Les maliens se sont réveillés ce mercredi 19 Août avec cinq nouveaux visages, méconnus de la majorité des maliens, qui sont désormais les maitres de leur destin. Cinq officiers autour d’une table filmés par l’ORTM au milieu desquels un certain colonel Ismaël Wagué lisant l’adresse à la nation, tel a été le plat servi par les nouveaux hommes forts du Mali. Leur déclaration avait été précédée par celle du Président de la République sortant IBK, qui a accepté de rendre sa démission, de dissoudre l’Assemblée Nationale et le Gouvernement. Qui pouvait imaginer un tel scénario après le stupide coup d’Etat perpétré par une autre junte dirigée par le capitaine Amadou Haya Sanogo un 22 mars 2012 ? Et pourtant, depuis trois mois, le spectre d’un coup d’Etat planait sur le Mali. Un Mouvement créé le 5 juin et regroupant des forces politiques et d’associations de la société civile, avait entamé un combat sans répit avec un seul mot d’ordre la démission d’IBK et de son régime pour incompétence et incapacité à résoudre les problèmes majeurs de notre pays. Les revendications de ce mouvement étaient celles d’une frange importante de notre pays, c’est pourquoi le coup de force a été suivi par un nombre important et imposant des citoyens.
Face à l’inaction, à l’indifférence du régime et à l’exacerbation des crises à la fois sécuritaire, avec son lot des morts, de déplacés et une grave crise sociopolitique, caractérisée par un manque criard des services sociaux de base et des élections législatives dont les résultats ont été tripatouillés par la Cour Constitutionnelle aux ordres du pouvoir, les maliens avaient les regards tournés vers l’armée pour débarrasser le pays du régime corrompu d’IBK. Elle a fini par descendre dans l’arène politique, en mettant fin au calvaire du peuple.

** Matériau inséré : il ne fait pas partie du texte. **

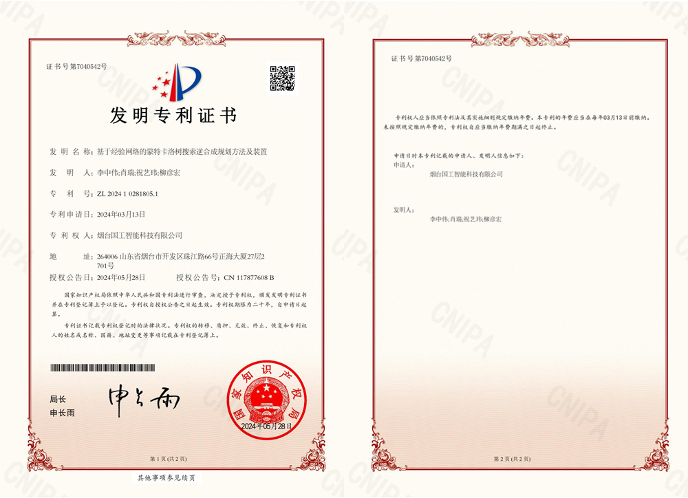 近日,國工智能新添國家知識產權局頒發的一項發明專利證書“基于經驗網絡的蒙特卡洛樹搜索逆合成規劃方法及裝置”。
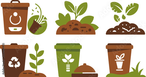 Food waste flat icons set – compost, recycling, eco-friendly symbols
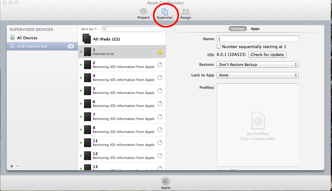 But when I connect one of them and open Xcode, I get a error "Operation prohibited on supervised devices"
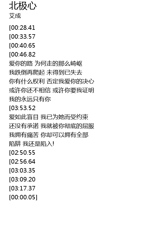 | [04:08.28][00:40.65] | 你不言不语 冷漠的如极地的冰 |
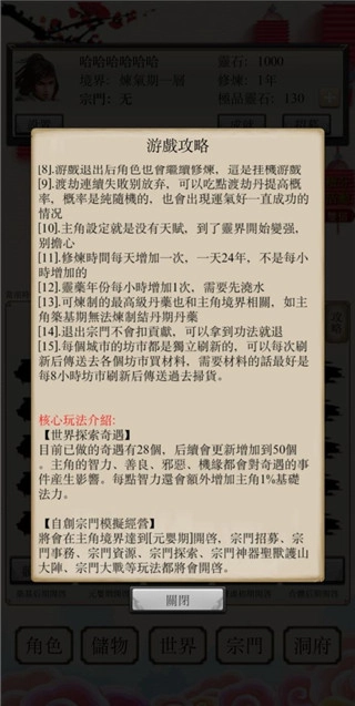 8、即便退出游戏,角色仍会持续修炼,这便是挂机游戏的特点。
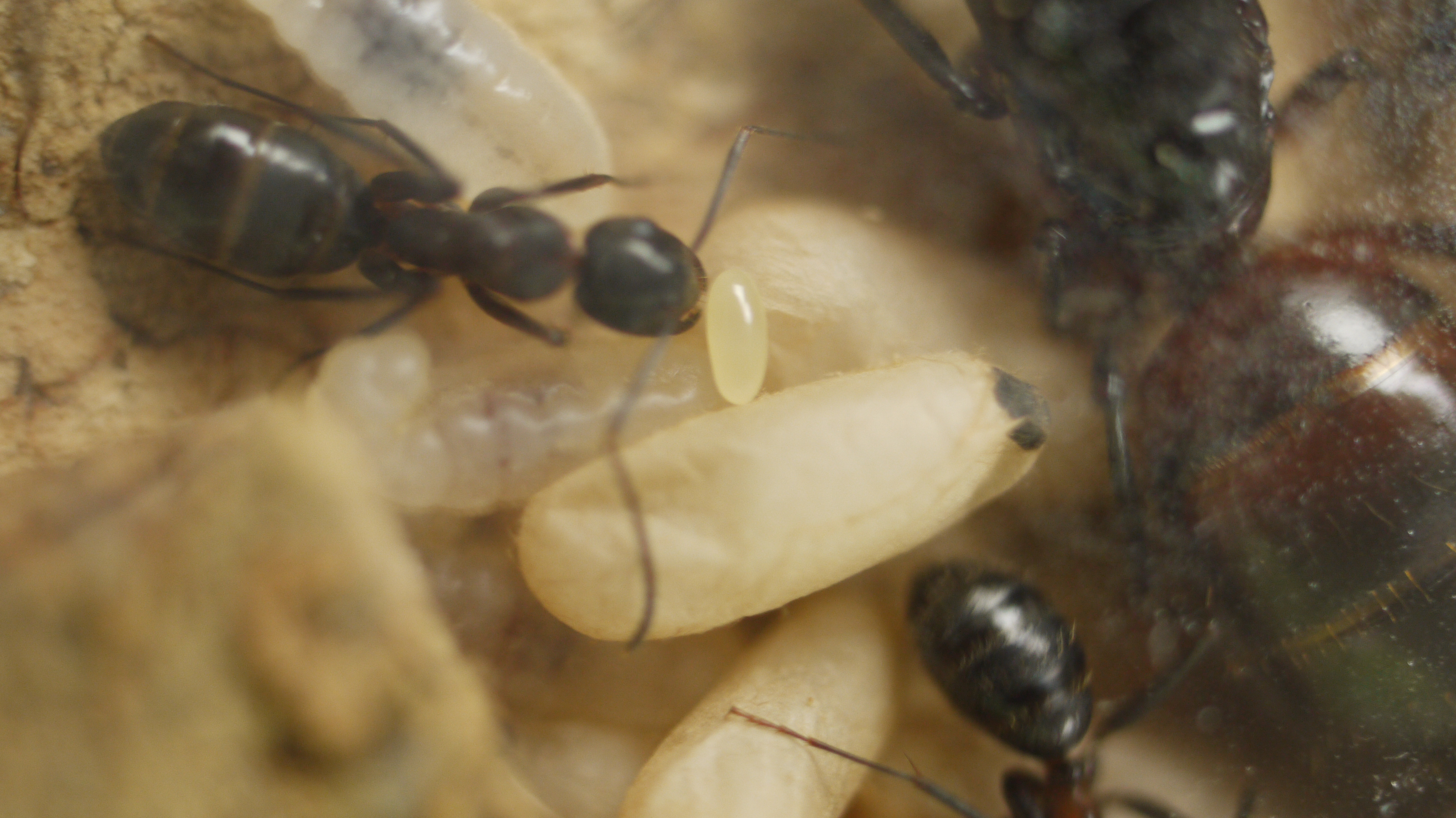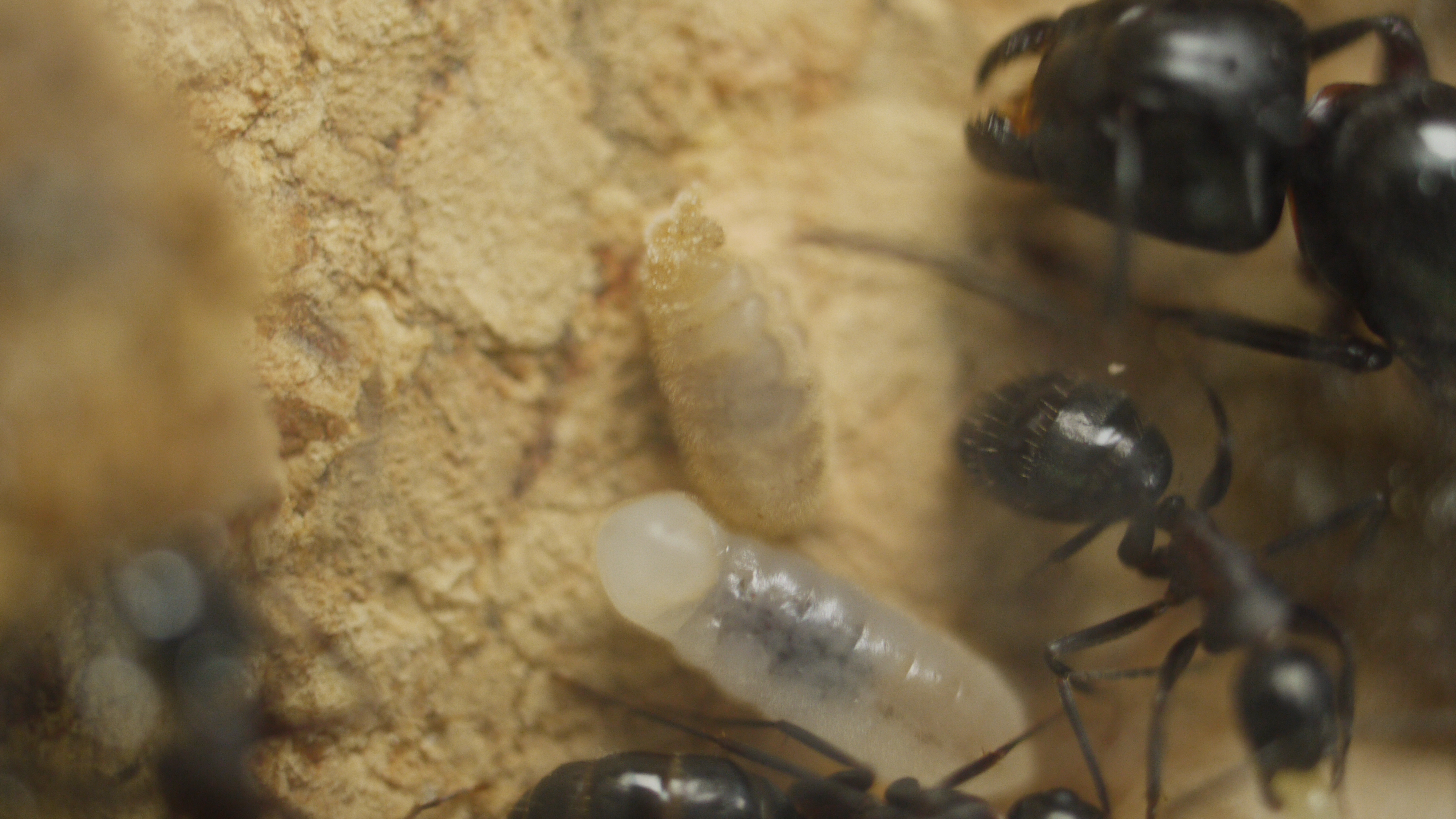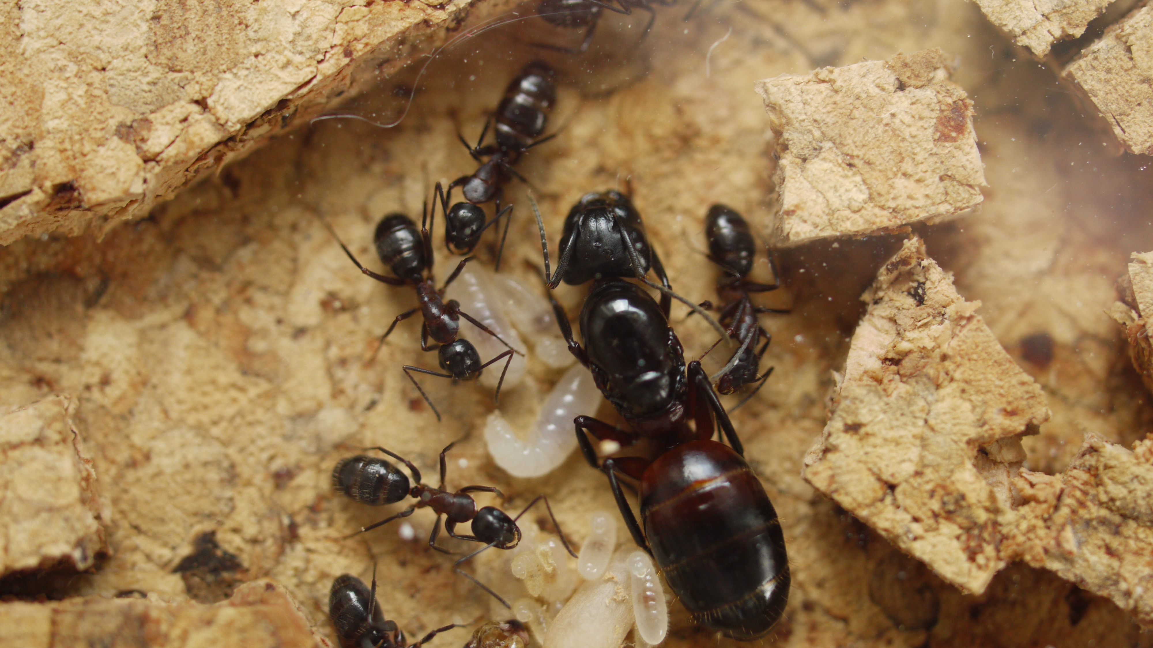 Camponotus ligniperdus besticht durch ihre Größe und die rot-bräunliche bis schwarze Färbung. Der Glanz dieser Ameisen tut sein Übriges. Selbst mit bloßem Auge sind Maxillen und Labium zu erkennen. Mit etwas Fototechnik ist hier noch deutlich mehr zu sehen. Hinzu kommt das, besonders zu Anfang, langsame Wachstum der Kolonie. Für Halter mit vorläufig wenig Platz ist diese Art daher eine gute Option. Wenn diese Kolonie wirklich groß wird, so der Plan, bin ich mit meinem Studium fertig. Dann habe ich auch mehr Geld für mehr Platz! Meine anderen Kolonien habe ich abgegeben, dies ist nun mein einziges Projekt neben Lasius cf. emarginatus, welche jedoch bereits lange bei mir wohnen.

Pour rappel, ce coup de force est différent de celui du 22 mars 2012, car le pays est aujourd’hui au bord du chaos, sa gouvernance est la moins vertueuse et les maliens souffrent le martyr depuis sept ans. Pourquoi ne pas applaudir un coup d’Etat dans un pays où les 75 % du territoire échappent au contrôle de l’Etat central ? Comment l’armée peut-elle s’accommoder des conditions exécrables, victime de corruption et payant un lourd tribut, sans réagir ? En effet, les officiers mutins se sont rendus compte que la colossale somme qui a été déboursée dans le cadre de la loi de programmation militaire a atterrie dans les poches de certains hauts gradés proches de la famille présidentielle. Conséquences de ces détournements ce sont les hélicoptères qui sont cloués au sol ou des blindés en cartons exposant les militaires au danger de mort face à des terroristes bien armés. Donc la coupe était entièrement pleine pour agir et mettre hors d’état de nuire celui qui cristallise toutes les frustrations, à savoir IBK. A la question de savoir s’il faut faire confiance aux mutins ou pas, la réponse est bien entendu oui, car sachant bien que la communauté internationale n’acceptera pas que les militaires gardent longtemps le pouvoir, ils respecteront les délais consensuels fixés de concert avec les forces vives de la nation. En plus du regard de la Communauté internationale, les officiers mutins sont des intellectuels. C’est pourquoi ils ont mené avec professionnalisme le coup d’Etat sans effusion de sang. Ils sauront être à la hauteur. Donc, après des signes d’ouverture, les putschistes méritent d’être accompagnés pour mener le bateau de la transition à bon port au grand bonheur des maliens.